Госпожа Гиме не сводила глаз со свежезасеянного газона в глубине парка. И делала вид, что слушает меня только из вежливости, но я-то знала, что мои слова коснулись незажившей раны в ее душе и сейчас эта рана кровоточила. Потом госпожа Гиме поднялась со скамейки и сказала, что нам пора возвращаться – скоро будет готов ужин, а к ужину званы гости. Некий художник, входящий в силу и в моду, собирался посетить с друзьями музей господина Гиме, а потом приглашал всех к себе в студию посмотреть новые картины.
– Он хочет что-нибудь мне продать. А я хочу познакомиться с новыми людьми – мой привычный круг начал меня тяготить.
Мы не торопясь отправились обратно. На мосту – теперь мы шли по направлению к Трокадеро, госпожа Гиме спросила меня, не хотела бы я присоединиться к ним за ужином. Я сказала, что с удовольствием, но мое вечернее платье осталось в отеле.
На самом деле у меня не было никакого вечернего платья. Ни по красоте, ни по элегантности мои наряды и близко нельзя было сравнить даже с «простыми прогулочными платьицами» парижанок. И едва ли можно было назвать «отелем» тот жалкий пансиончик, где я жила последние два месяца. Правда, там я могла спокойно принимать своих «гостей»
Но мы, женщины, умеем понимать друг друга вовсе без слов.
– Если хотите, я одолжу вам платье на сегодняшний вечер. У меня их куда больше, чем мне надо.
Я поблагодарила ее улыбкой, и мы направились к дому Гиме.
Отличный способ никогда не заблудиться – не задумываться о том, куда тебя несет жизнь.

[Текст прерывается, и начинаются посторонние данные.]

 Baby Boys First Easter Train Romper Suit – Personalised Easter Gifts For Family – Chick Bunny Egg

– Это Пабло Пикассо, художник, о котором я вам говорила. С той минуты, когда нас представили друг другу, Пикассо, забыв об остальных приглашенных, неустанно искал моего внимания. Он говорил, что я очень красива, что я непременно должна ему позировать, что мне следует оставить сумасшедшую сутолоку Парижа и поехать с ним в Малагу хотя бы на неделю. И все это с единственной, пусть и невысказанной словами целью – затащить меня в постель.
Мне же с ним было неуютно: он был некрасив и неотесан и, считая себя гением из гениев, не сводил с меня своих выпученных глаз. Куда больше мне понравились его друзья, в частности один итальянец, Амедео Модильяни, выглядевший и аристократичней, и изысканней Пикассо. Он подошел и попытался вовлечь нас в какой-то общий разговор. И всякий раз, когда испанец прерывал свой очередной бесконечный, но малопонятный монолог о революции в искусстве, я, повергая его в ярость, немедленно поворачивалась к итальянцу.

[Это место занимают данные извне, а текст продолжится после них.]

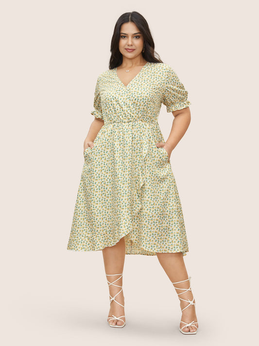 Citrus Lemon Print Overlap Collar Lantern Sleeve Dress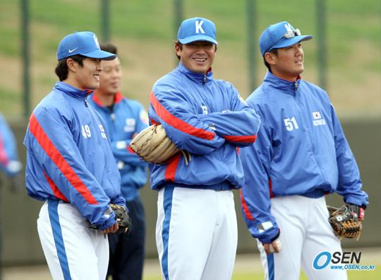 27일 일본 후쿠오카의 간노스구장에서 2006 WBC 한국대표팀이 자체 청백전을 가졌다. 경기전 연습에서 김병현(왼쪽부터),서재응,김선우가 점퍼를 입고 훈련모습을 바라보고 있다./후쿠오카=박영태기자 ds3fan@osen.co.kr [Copyright ⓒ 한국 최고의 스포츠 엔터테인먼트 전문 미디어 OSEN(www.osen.co.kr) 무단전재 및 재배포 금지]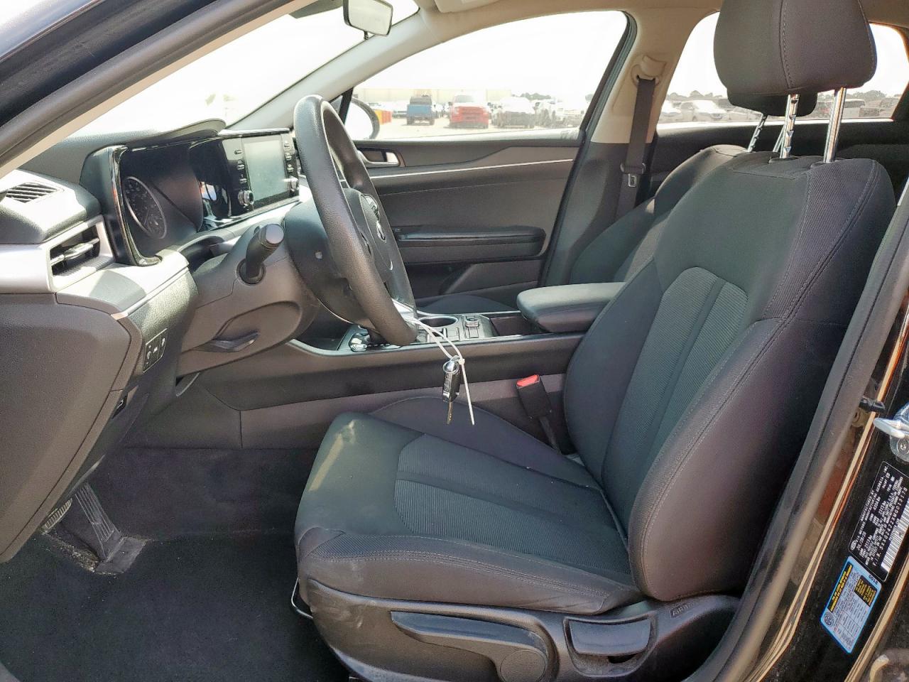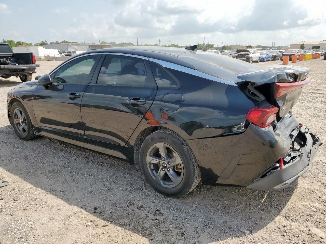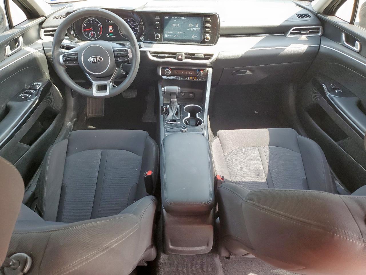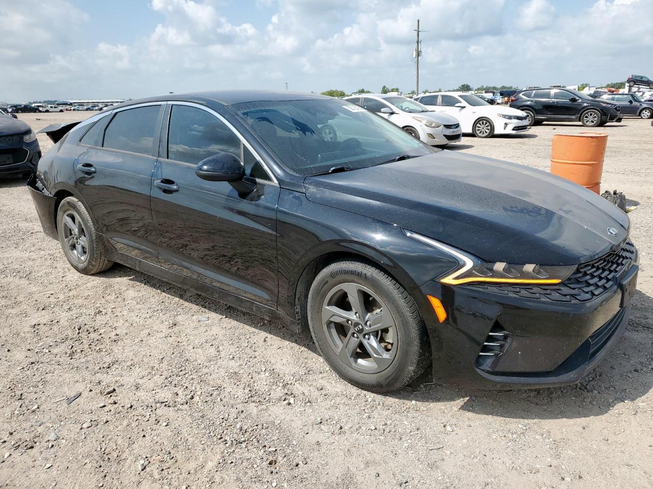 FairThe 2021 KIA K5, is black, shows significant rear-end damage. The primary damage is to the rear, with secondary cosmetic issues like minor dents and scratches present. It is a Run & Drive Verified vehicle.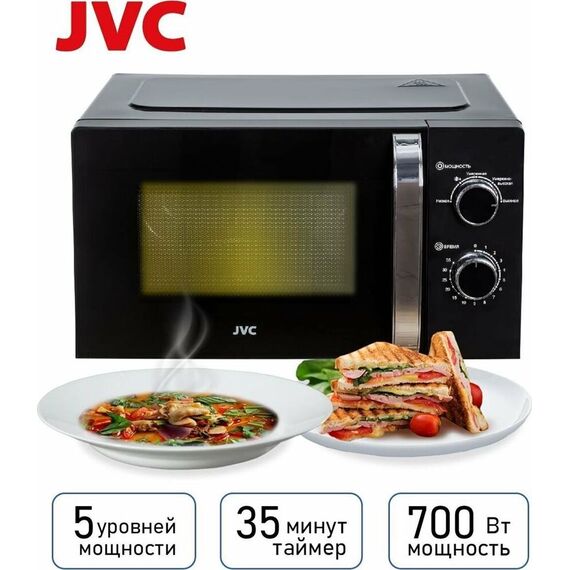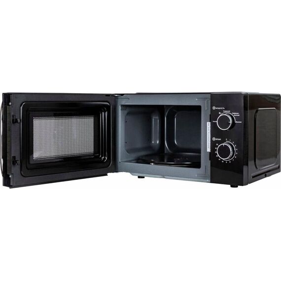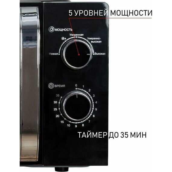Печь микроволновая, объем 20л, выходная мощность 700 Вт, тип управления: механический, диаметр поворотного стола: 255 мм, количество уровней мощности: 5, автоматическое размораживание, таймер: 35 минут, тип открывания дверцы: ручка, сигнал окончания приготовления, цвет: черный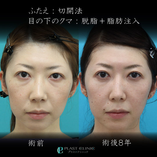脂肪の突出が主な原因であれば脱脂術が適しているかもしれませんし、くぼみが目立つ場合は脂肪注入の併用や裏ハムラ法(≒経結膜的眼窩脂肪組み換え術)がより効果的なこともあります。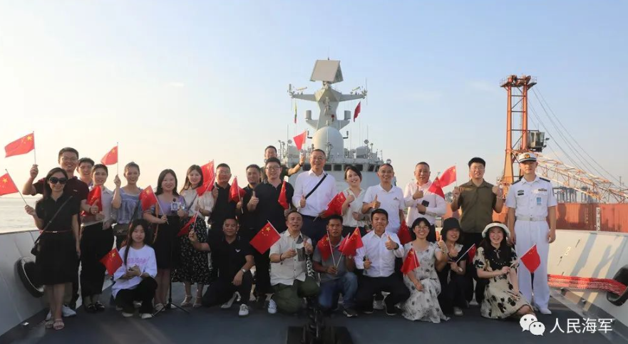 11月27日下午,海军第44批护航编队访问缅甸仰光。图为华人华侨在舰艇前合影留念。姜霞 摄 据悉,这是中国海军舰艇编队第6次访问缅甸期间,编队指挥员将拜会缅军地高层领导慰问当地小学师生编队官兵将与缅海军官兵进行专业交流、文体竞技以及相互参观军事设施等活动淄博舰、荆州舰将举行舰艇开放并举办甲板招待会

– Чем вы занимаетесь? – поинтересовался Амедео.
Я сказала, что посвятила себя ритуальным танцам яванских племен. Кажется, он не вполне понял, что я имею в виду, но вежливо поддержал тему и заговорил о том, что нельзя недооценивать роль взгляда в танце. Человеческие глаза приводили его в восторг, и, когда ему случалось попасть в театр, он, почти не обращая внимания на движения тел, сосредотачивался только на том, что ему говорили глаза.

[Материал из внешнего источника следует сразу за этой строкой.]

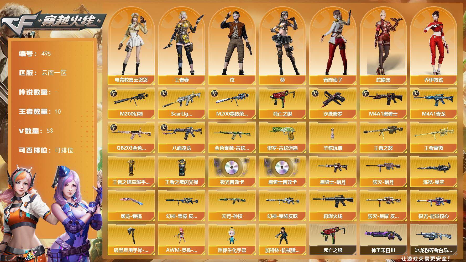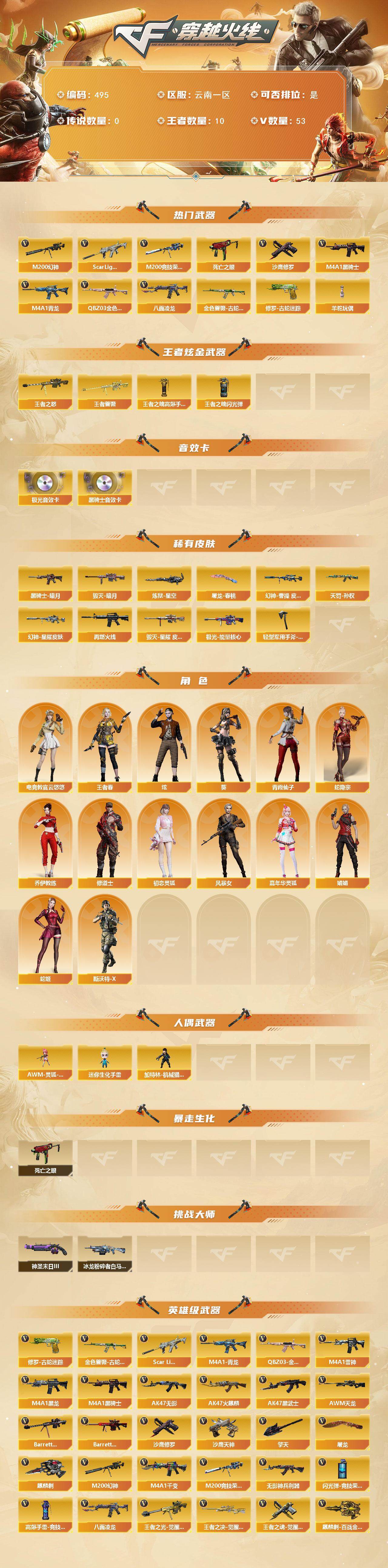[14990304]云南一区-53V-10王者-0炫金 【热门武器】:QBZ03-金色蔷薇,Scar Light-白虎,M4A1-青龙,M200-幻神,金色蔷薇-古蛇迷踪,修罗-古蛇迷踪,M200-竞技荣光,八面凌龙,死亡之眼*3,M4A1-黑骑士,羊驼玩偶,沙鹰-修罗 【王者炫金武器】:王者之怒,王者蔷薇,王者之魄高爆手雷,王者之魄闪光弹*2 【音效卡】:M4A1-黑骑士音效卡,Barrett-极光音效卡 【皮肤】:幻神-星耀 皮肤,幻神-曹操 皮肤,M4A1-再燃火线,毁灭-暗月,毁灭-星耀 皮肤,黑骑士-暗月,天罚-孙权 皮肤,极光-能量核心,炼狱-星空,屠龙-春桃 皮肤,轻型军用手斧-再燃火线 【角色】:葵,炫,电竞教官-云悠悠,王者春,蛇隐宗,乔伊教练,修道士,初恋灵狐,风暴女,嘉年华灵狐,娟娟,青霞仙子,蛇姬,斯沃特-X 【人偶武器】:加特林-机械猎手,AWM-灵狐-15周年嘉年华,迷你生化手雷 【暴走生化】:死亡之眼*3 【挑战大师】:冰龙粉碎者-白马银枪*2,神圣爆裂者-末日III 【英雄级武器】:M4A1-千变,AK47-火麒麟*2,M4A1-黑龙,M4A1-雷神,M4A1-黑骑士,AK47-无影,AK47-黑武士,M4A1-青龙,Scar Light-白虎,无影-神兵利器,八面凌龙,金色蔷薇-古蛇迷踪,QBZ03-金色蔷薇,AWM-天龙,Barrett-毁灭,Barrett-极光,M200-幻神,M200-竞技荣光,王者之光-觉醒版,王者之决-觉醒版,沙鹰-修罗,沙鹰-天神*3,王者之魂-觉醒版,修罗-古蛇迷踪,屠龙,擎天,麒麟刺*3,麒麟刺-百战金芒,王者之锋-觉醒版,高爆手雷-雷霆*4,高爆手雷-雷暴,高爆手雷-幻灵,高爆手雷-竞技荣光,高爆手雷-古蛇迷踪,闪光弹-雷霆*4,闪光弹-雷暴,闪光弹-竞技荣光,烟雾弹-雷霆*4,烟雾弹-古蛇迷踪 【道具】:CFS限定背包,古蛇迷踪炫彩背包,炫彩背包,百战金芒炫彩背包,超级背包,女皇终结者-魔龙之吻,绿色巨人,灵魂忍者,迷雾幽灵,夺命之镰,防化服*3,金色流光-枪王排位*2,星辰流光-枪王排位,枪王排位28赛季金色流光,枪王排位29赛季金色流光,古蛇迷踪打击特效,蛇隐宗表情,萌萌小葵表情,EP战队名片,EP战队喷图,防弹头盔*4,防弹衣*4,C4工具钳*4,手雷包*4 【特殊枪械】:1白虎,1黑骑士
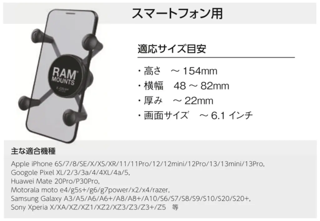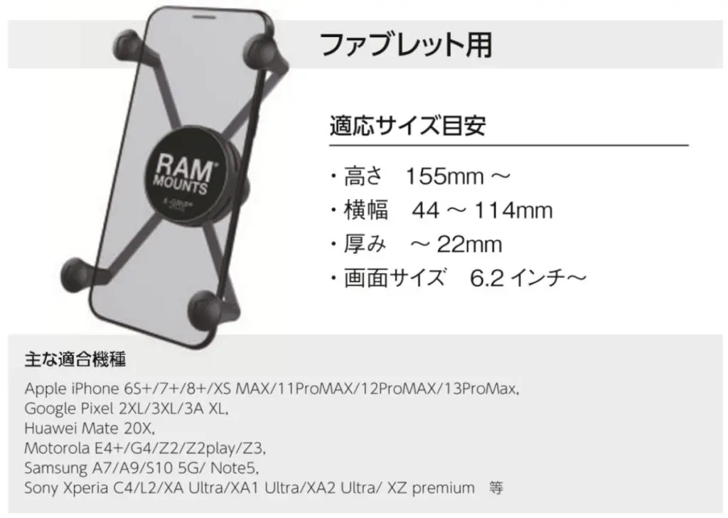 6.2インチ以上の大画面スマホ向け、と言っても最近のスマホは大画面のものが多いので新しめの機種の大半はこのサイズがピッタリのことが多いです。大体ですがスマホの縦の長さが15cm以下だとXグリップのツメのかかりが浅くて不安定な感じがするので、「前使ってた古いスマホをテザリングでナビにする」という使い方をしている人は、サイズによっては上手くホールドできないことがありますのでチェックしてみて下さい。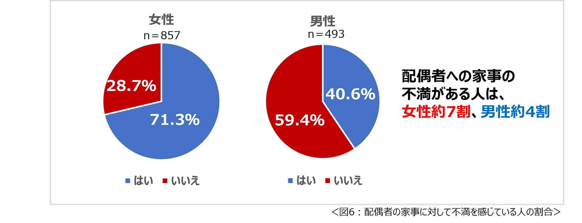 「配偶者が行った家事に対して、不満や気になる点はありますか」という問いに対して、「はい」と回答した人が、女性は約7割、男性は約4割で、女性の方が配偶者の家事に対しての不満を感じていることがわかりました。(図6)

– Я совсем ничего не знаю о ритуальных яванских танцах, но надеюсь, что глазам в них придается достаточное значение. Вроде бы на Востоке танцовщики умеют сохранять полную неподвижность, и только их взгляды приобретают невероятную мощь и выразительность.
Не зная, что ему на это ответить, я неопределенно качнула головой – пусть Амедео сам решит, согласна я с ним или нет. Пикассо все прерывал нас своими теориями, но воспитанный и утонченный Модильяни дожидался очередной паузы и снова возвращался к нашему разговору.
– Вы позволите дать вам один совет? – спросил он, когда ужин подходил к концу и все мы уже собрались идти к испанцу. Я кивнула, позволяя.
– Поймите, чего вы ищете, и стремитесь пойти еще и еще дальше. Совершенствуйте свой танец, работайте над ним и постоянно ставьте себе недосягаемые цели. Потому что предназначение настоящего художника – вырваться за пределы самого себя и своих возможностей. Тот, кто желает малого и доступного, не преуспеет в жизни.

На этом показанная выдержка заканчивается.